The transition rates from free of BC to progressive PCDP were 276 and 381 per 100,000 women-years for women 50–59 and 60–69, respectively (Table 3). The mean sojourn times (MSTs) in age 40–49, 50–59, and 60–69 were 2.60 (95% CI 2.31–2.89), 2.16 (95% CI 2.03–2.29), and 3.52 (95% CI 3.31–3.73) years, respectively. The ratio of λ14(t) toλ12(t) was 0.00182 (95% CI 0–0.00523), and the test sensitivity was 88% (95% CI 85.2%–90.9%). The likelihood ratio test showed that the non-homogeneous model fits the data better than the homogeneous model (chi-squared = 854 with 3 degrees of freedom, P <0.001), which is visually confirmed by the cumulative observed and expected incidence curves (Fig. 2). The results showed that the homogeneous model overestimated the risk of BC in the ages of 50–59 and underestimated the risk in the ages above 60. The expected cumulative incidence curve in the non-homogeneous model was close to the observed incidence curve, indicating that the model fit was adequate. Table 4 shows the estimation of overdiagnosis from non-progressive detected BC cases. Among the 8305 screen-detected invasive cases, the expected number of non-progressive BC cases detected by screening was 35.9, which corresponds to 0.43% (95% CI 0.10%–2.18%) overdiagnosis. There were 15.6 (0.87%, 95% CI 0.20%–4.31%) and 20.3 (0.31%, 95% CI 0.07%–1.59%) estimated non-progressive BC cases in the prevalent and subsequent rounds of screening, respectively.
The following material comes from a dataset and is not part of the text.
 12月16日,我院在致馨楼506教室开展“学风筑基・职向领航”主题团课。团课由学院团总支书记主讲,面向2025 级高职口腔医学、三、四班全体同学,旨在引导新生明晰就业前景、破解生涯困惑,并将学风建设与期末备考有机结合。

Table 3 Maximum-likelihood estimates and 95% confidence intervals based on the non-homogeneous and the homogeneous multi-state model
Fig 2
figure 2

The observed and expected cumulative incidence rate in the homogeneous (HMM) and the non-homogeneous multi-state (NHMM) models. (a) Ages 50–59. (b) Ages above 60

Table 4 Number of screen-detected cases, expected number of detected non-progressive breast cancers, and the frequency of overdiagnosis (percentage) by round of screening

Discussion

We used a non-homogeneous multi-state model to estimate the frequency of overdiagnosis from the expected number of non-progressive BCs among the screen-detected cancer cases in the population-based organized screening program with mammography in women 50–69 in Stockholm County, Sweden. We found that only 0.43% of the screen-detected invasive cases were overdiagnosed. The frequency of overdiagnosis in the prevalent round was three times higher than that in the subsequent rounds. We showed that the non-homogeneous model fitted the data better than the homogeneous model.
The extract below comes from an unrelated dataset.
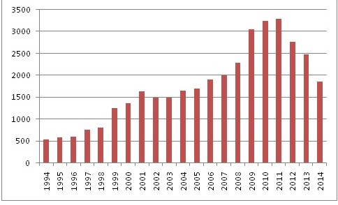 Regarding the survey carried out at Jucergs, the following table shows the total number of beauty companies established per year, from 1994 to 2014. Next, a bar chart shows the growth of the sector. The companies' description is grouped by year according to the CNAE codes highlighted in Table 5 above. Table 6 below shows the total number (sum of all activities recorded according to CNAE codes) year by year, from 1994 to 2014.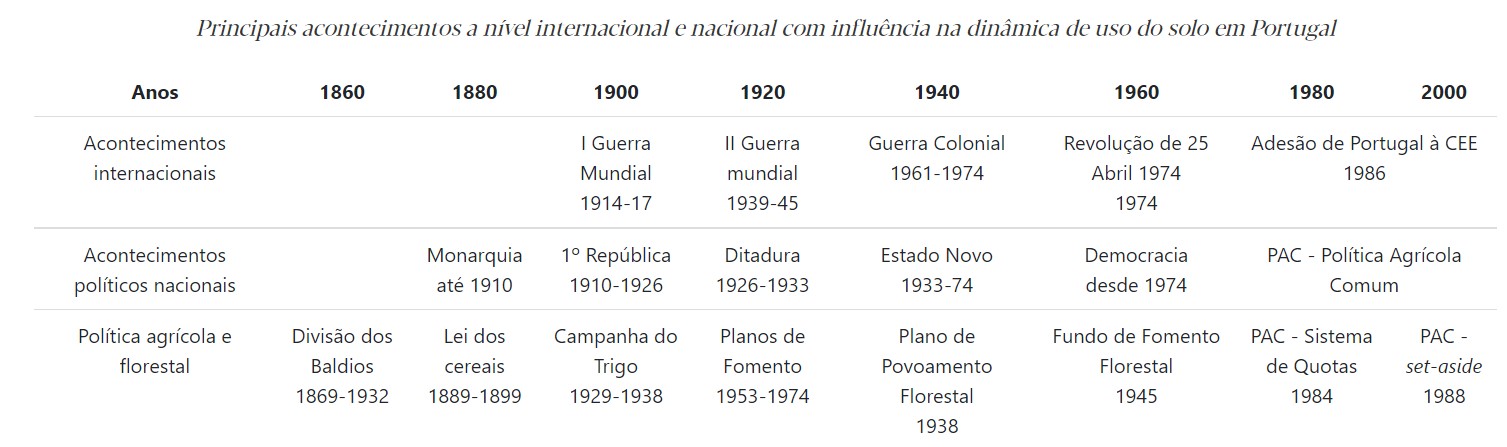 Em meados do século XIX, chuvas intensas em zonas montanhosas da Península Ibérica – e noutras áreas de montanha europeias – causaram cheias e deslizamentos de terras. Da necessidade de evitar esta erosão do solo, de proteger as linhas de água e de fixar os areais e dunas do litoral que avançavam sobre as terras férteis, surgiram as bases da política florestal nacional, cujas extraordinárias iniciativas de arborização constituíram também as primeiras intervenções conhecidas sobre os solos em Portugal.

Published estimates of the frequency of overdiagnosis have varied because of type of screening program, study design, choice of control group, estimation method, and adjustment for lead time (the time by which screening advances the diagnosis compared with absence of screening) [2, 19,20,21,22]. Overdiagnosis based on Swedish data has been estimated in four RCTs and two observational studies.
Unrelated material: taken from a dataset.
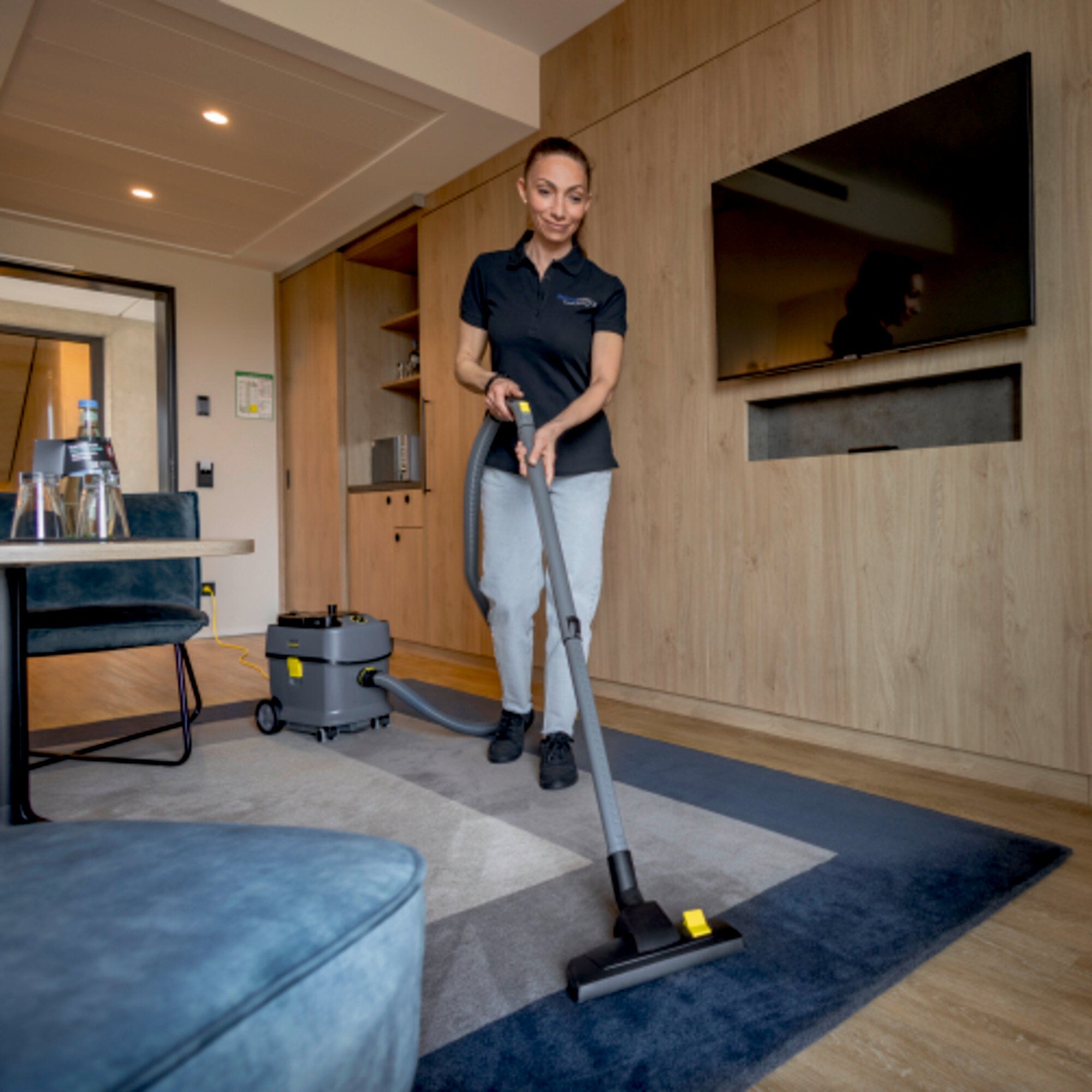 L'aspirateur poussières T 15/1 Adv de Kärcher est synonyme de durabilité, de longévité, d'une excellente puissance d'aspiration et d'un fonctionnement ultra silencieux. En outre, il s'illustre par sa robustesse, son vaste éventail d'accessoires et son excellent rapport qualité-prix. Dès sa fabrication à partir de 45 % de matières recyclées*, les ressources sont protégées et les besoins énergétiques sont réduits. Doté d'une aspiration puissante, le T 15/1 Adv se caractérise par son faible bruit de fonctionnement (52 dB[A]) et est si silencieux qu'il peut être utilisé à tout moment dans les lieux sensibles au bruit. Cet aspirateur est maniable et stable ; sa cuve peut contenir 15 litres. Il dispose d'une poignée de transport au format rabattable pour un transport ergonomique et près du corps. En outre, il est très durable et robuste, tout comme son châssis, son boîtier, son pare-chocs et ses grandes roues. La fourniture inclut un suceur pour fentes et un suceur pour meubles qui peuvent toujours être rangés à portée de main sur l'aspirateur. La fourniture du T 15/1 Adv inclut de nombreux accessoires : flexible d'aspiration, coude antistatique, tube d'aspiration télescopique léger et réglable en hauteur (aluminium), suceur pour sol commutable, suceur parquet, suceur pour fentes et suceur pour meubles.

Estimation of overdiagnosis based on the Swedish RCTs

In the Stockholm trial, two screening rounds were performed for 40,318 women 40 to 64 years old, and 20,000 controls were also invited to one screening round at the end of the trial. Two estimates of overdiagnosis were made on the basis of the Stockholm trial. Gotzsche found 49% overdiagnosis by comparing the relative risk of all BCs in the screening period [23]. However, failing to separate the increasing incidence due to earlier detection of cancer (the so-called lead-time problem) results in overestimation of overdiagnosis. Moss found that the invasive (0.81 versus 0.85 per 1000 person-years in the screened and in the control groups) and all BC cumulative incidence rates (0.88 versus 0.91 per 1000 person-years in the screened and the control groups) were similar between two arms over 15 years follow-up [24]. It should be noted that because the control group was also invited to a single screen, which might lead to some overdiagnosis in the control group, overdiagnosis probably was underestimated in this approach. Our findings of the frequency of overdiagnosis in the subsequent screening rounds of the organized screening program were consistent with Moss’s finding in the Stockholm trial that showed no evidence of overdiagnosis as a result of incident screens [25].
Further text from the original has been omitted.